> What you will do
Although the data below contains pictures, output only the lines between those holding "ボウタイブラウスにポインテッ" and "Play Hard Pray", inclusive, exactly and without those pictures.

> Material shown
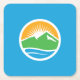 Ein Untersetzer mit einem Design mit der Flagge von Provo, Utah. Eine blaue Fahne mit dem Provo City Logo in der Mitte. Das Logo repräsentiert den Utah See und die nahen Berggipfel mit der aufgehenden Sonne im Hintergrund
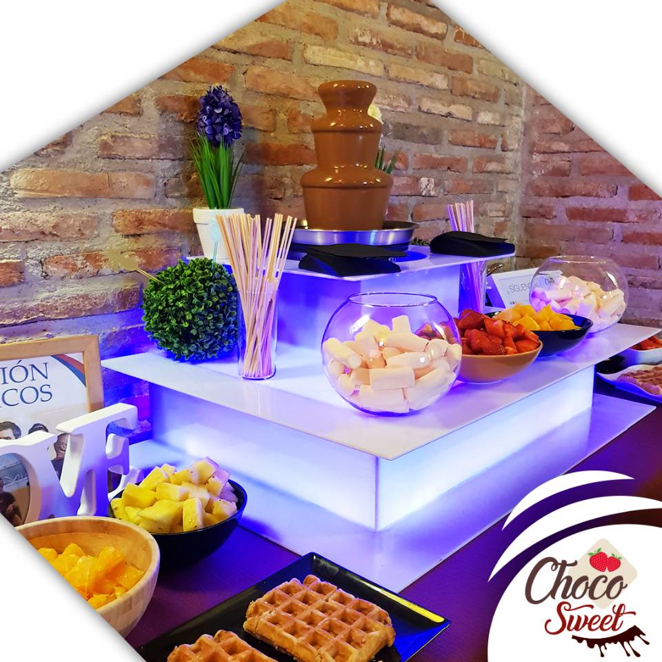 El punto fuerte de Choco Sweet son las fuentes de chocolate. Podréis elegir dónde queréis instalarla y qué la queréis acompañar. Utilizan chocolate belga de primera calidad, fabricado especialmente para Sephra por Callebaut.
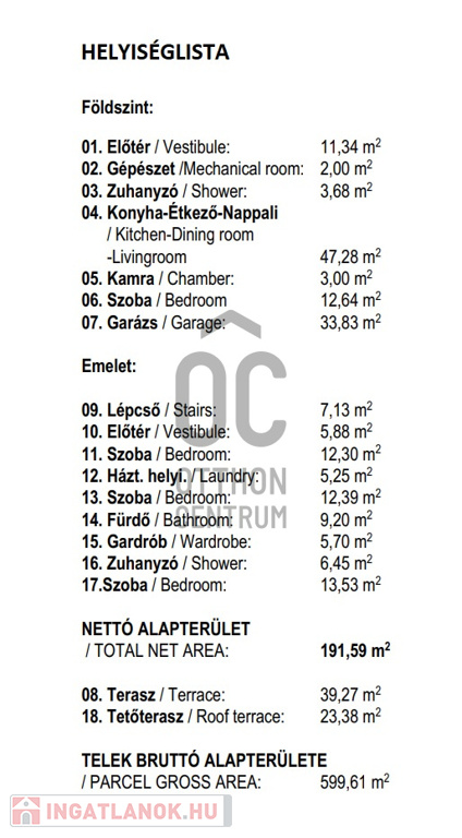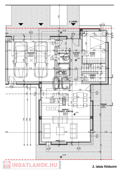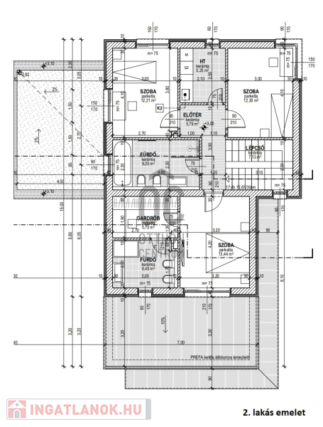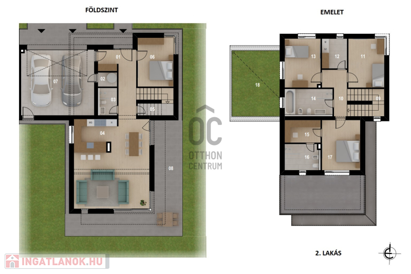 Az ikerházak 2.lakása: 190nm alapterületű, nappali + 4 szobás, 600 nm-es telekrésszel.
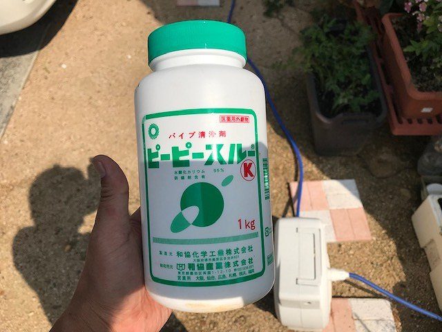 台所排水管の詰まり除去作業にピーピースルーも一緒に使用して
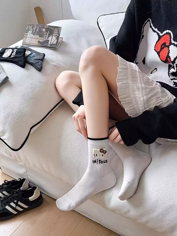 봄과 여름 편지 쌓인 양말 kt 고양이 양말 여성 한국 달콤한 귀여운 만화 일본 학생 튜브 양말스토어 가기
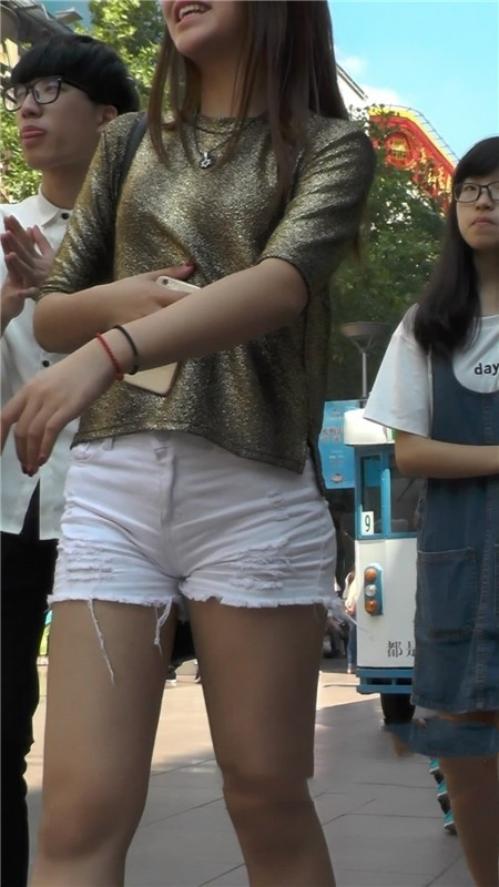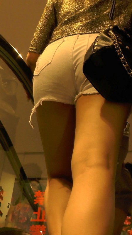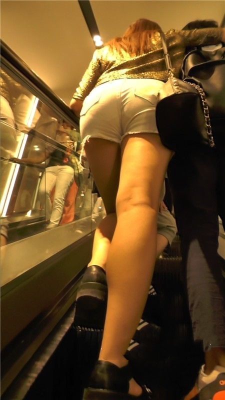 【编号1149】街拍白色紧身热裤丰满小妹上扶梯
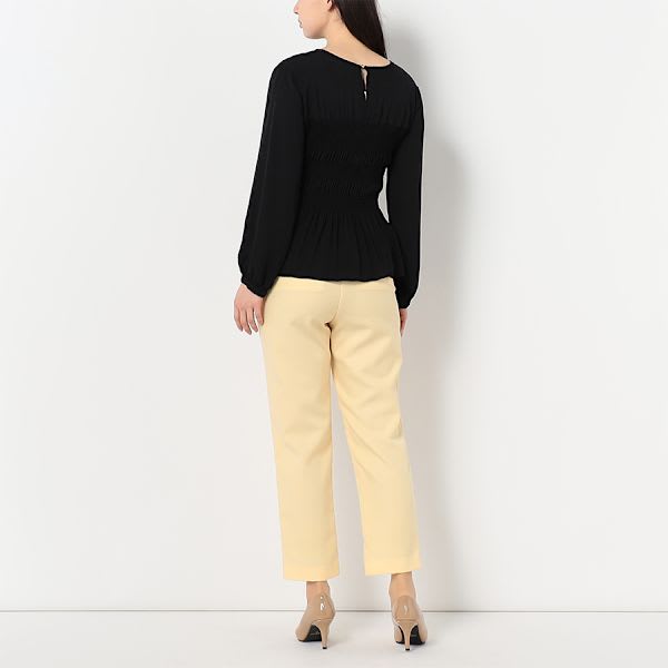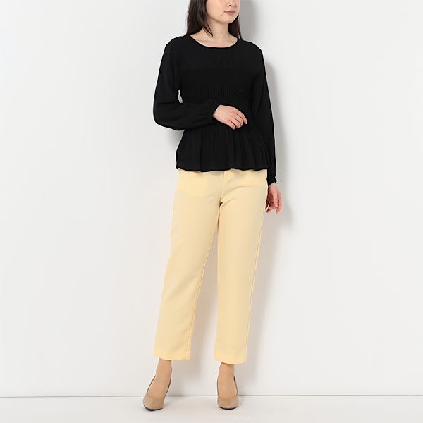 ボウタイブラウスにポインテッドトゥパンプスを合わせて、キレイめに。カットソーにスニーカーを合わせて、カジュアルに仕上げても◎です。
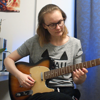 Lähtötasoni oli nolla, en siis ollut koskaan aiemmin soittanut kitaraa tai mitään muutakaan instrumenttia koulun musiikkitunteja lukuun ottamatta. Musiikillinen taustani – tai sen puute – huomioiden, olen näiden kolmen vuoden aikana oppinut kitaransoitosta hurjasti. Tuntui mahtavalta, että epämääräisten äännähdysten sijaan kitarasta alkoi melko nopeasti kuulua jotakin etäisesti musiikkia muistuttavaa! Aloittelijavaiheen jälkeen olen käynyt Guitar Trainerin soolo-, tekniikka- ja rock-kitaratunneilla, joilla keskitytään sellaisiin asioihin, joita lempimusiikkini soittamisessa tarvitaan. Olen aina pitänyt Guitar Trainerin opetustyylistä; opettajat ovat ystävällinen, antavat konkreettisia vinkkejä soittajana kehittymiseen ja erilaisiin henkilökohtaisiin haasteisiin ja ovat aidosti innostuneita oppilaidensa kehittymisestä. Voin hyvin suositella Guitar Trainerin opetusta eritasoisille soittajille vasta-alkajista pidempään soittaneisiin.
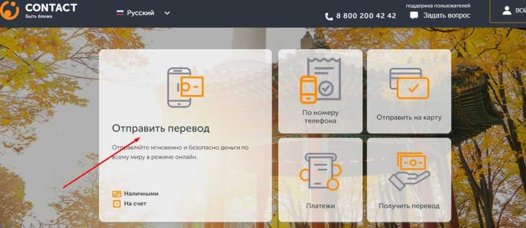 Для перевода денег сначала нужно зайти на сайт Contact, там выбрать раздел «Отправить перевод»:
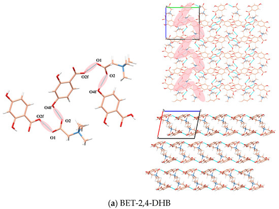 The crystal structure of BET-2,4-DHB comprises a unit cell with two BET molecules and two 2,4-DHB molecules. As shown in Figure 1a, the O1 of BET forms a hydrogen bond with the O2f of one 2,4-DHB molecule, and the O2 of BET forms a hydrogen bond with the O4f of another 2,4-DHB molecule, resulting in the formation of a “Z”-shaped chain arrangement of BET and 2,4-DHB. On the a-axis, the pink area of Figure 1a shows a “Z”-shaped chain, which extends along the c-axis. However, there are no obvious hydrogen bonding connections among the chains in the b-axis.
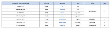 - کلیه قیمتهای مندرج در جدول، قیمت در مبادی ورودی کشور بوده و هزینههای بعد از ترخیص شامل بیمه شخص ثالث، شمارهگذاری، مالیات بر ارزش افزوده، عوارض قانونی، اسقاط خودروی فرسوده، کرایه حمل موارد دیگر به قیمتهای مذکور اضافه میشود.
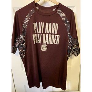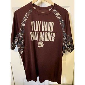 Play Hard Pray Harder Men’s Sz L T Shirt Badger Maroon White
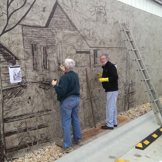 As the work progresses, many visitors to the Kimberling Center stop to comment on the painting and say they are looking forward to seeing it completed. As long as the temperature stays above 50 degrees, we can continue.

> Response to the exercise
 ボウタイブラウスにポインテッドトゥパンプスを合わせて、キレイめに。カットソーにスニーカーを合わせて、カジュアルに仕上げても◎です。
 Lähtötasoni oli nolla, en siis ollut koskaan aiemmin soittanut kitaraa tai mitään muutakaan instrumenttia koulun musiikkitunteja lukuun ottamatta. Musiikillinen taustani – tai sen puute – huomioiden, olen näiden kolmen vuoden aikana oppinut kitaransoitosta hurjasti. Tuntui mahtavalta, että epämääräisten äännähdysten sijaan kitarasta alkoi melko nopeasti kuulua jotakin etäisesti musiikkia muistuttavaa! Aloittelijavaiheen jälkeen olen käynyt Guitar Trainerin soolo-, tekniikka- ja rock-kitaratunneilla, joilla keskitytään sellaisiin asioihin, joita lempimusiikkini soittamisessa tarvitaan. Olen aina pitänyt Guitar Trainerin opetustyylistä; opettajat ovat ystävällinen, antavat konkreettisia vinkkejä soittajana kehittymiseen ja erilaisiin henkilökohtaisiin haasteisiin ja ovat aidosti innostuneita oppilaidensa kehittymisestä. Voin hyvin suositella Guitar Trainerin opetusta eritasoisille soittajille vasta-alkajista pidempään soittaneisiin.
 Для перевода денег сначала нужно зайти на сайт Contact, там выбрать раздел «Отправить перевод»:
 The crystal structure of BET-2,4-DHB comprises a unit cell with two BET molecules and two 2,4-DHB molecules. As shown in Figure 1a, the O1 of BET forms a hydrogen bond with the O2f of one 2,4-DHB molecule, and the O2 of BET forms a hydrogen bond with the O4f of another 2,4-DHB molecule, resulting in the formation of a “Z”-shaped chain arrangement of BET and 2,4-DHB. On the a-axis, the pink area of Figure 1a shows a “Z”-shaped chain, which extends along the c-axis. However, there are no obvious hydrogen bonding connections among the chains in the b-axis.
 - کلیه قیمتهای مندرج در جدول، قیمت در مبادی ورودی کشور بوده و هزینههای بعد از ترخیص شامل بیمه شخص ثالث، شمارهگذاری، مالیات بر ارزش افزوده، عوارض قانونی، اسقاط خودروی فرسوده، کرایه حمل موارد دیگر به قیمتهای مذکور اضافه میشود.
 Play Hard Pray Harder Men’s Sz L T Shirt Badger Maroon White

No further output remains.